▸ **TO DO**
Return the lines beginning at the one that contains "图19 2008-2012年公路建设投资额及增长速度" and continuing to the end of the entries, including both ends, exactly as written and nothing else.

*** Opening of PROVIDED DATA ***

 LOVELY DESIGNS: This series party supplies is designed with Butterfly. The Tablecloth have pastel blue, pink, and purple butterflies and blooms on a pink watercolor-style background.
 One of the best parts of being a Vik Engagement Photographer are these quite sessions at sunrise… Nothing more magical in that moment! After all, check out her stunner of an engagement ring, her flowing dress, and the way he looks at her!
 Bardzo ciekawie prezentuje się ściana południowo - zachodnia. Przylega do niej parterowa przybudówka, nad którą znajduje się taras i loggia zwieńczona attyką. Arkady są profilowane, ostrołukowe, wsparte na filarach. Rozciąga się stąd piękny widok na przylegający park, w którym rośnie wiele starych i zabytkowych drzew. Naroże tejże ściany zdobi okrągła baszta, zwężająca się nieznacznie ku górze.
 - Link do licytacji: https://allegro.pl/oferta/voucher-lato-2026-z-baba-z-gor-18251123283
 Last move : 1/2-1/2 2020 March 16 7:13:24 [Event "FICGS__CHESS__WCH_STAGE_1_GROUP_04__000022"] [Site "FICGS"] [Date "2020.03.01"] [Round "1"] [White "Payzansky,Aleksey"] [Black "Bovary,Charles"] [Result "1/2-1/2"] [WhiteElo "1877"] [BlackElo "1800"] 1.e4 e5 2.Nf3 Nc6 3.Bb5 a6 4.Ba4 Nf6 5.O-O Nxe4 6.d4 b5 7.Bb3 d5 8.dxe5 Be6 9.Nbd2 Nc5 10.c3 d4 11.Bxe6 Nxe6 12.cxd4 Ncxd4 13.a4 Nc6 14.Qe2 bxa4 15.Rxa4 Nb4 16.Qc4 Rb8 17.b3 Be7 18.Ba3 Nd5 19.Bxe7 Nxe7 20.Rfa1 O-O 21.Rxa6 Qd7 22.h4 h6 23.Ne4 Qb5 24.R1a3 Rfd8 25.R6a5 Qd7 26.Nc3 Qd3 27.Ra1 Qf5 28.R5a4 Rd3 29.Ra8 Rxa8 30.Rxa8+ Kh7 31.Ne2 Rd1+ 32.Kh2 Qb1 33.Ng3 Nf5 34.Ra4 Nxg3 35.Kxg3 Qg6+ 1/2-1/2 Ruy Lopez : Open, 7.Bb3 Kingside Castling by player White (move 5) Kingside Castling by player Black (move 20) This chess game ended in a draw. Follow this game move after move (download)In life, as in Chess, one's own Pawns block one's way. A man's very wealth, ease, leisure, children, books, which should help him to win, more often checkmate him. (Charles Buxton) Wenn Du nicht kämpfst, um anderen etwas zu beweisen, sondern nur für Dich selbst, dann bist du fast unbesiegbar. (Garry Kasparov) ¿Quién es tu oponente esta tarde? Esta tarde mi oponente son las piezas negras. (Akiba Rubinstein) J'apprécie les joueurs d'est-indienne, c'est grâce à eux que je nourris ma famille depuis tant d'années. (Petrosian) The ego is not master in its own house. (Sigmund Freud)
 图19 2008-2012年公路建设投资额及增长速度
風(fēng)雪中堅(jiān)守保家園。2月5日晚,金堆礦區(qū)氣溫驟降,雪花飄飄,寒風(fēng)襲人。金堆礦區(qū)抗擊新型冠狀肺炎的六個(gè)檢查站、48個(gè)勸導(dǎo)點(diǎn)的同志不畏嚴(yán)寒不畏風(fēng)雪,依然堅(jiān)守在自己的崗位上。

*** Close of PROVIDED DATA ***

▸ **RESPONSE TO THIS TASK**
 图19 2008-2012年公路建设投资额及增长速度
風(fēng)雪中堅(jiān)守保家園。2月5日晚,金堆礦區(qū)氣溫驟降,雪花飄飄,寒風(fēng)襲人。金堆礦區(qū)抗擊新型冠狀肺炎的六個(gè)檢查站、48個(gè)勸導(dǎo)點(diǎn)的同志不畏嚴(yán)寒不畏風(fēng)雪,依然堅(jiān)守在自己的崗位上。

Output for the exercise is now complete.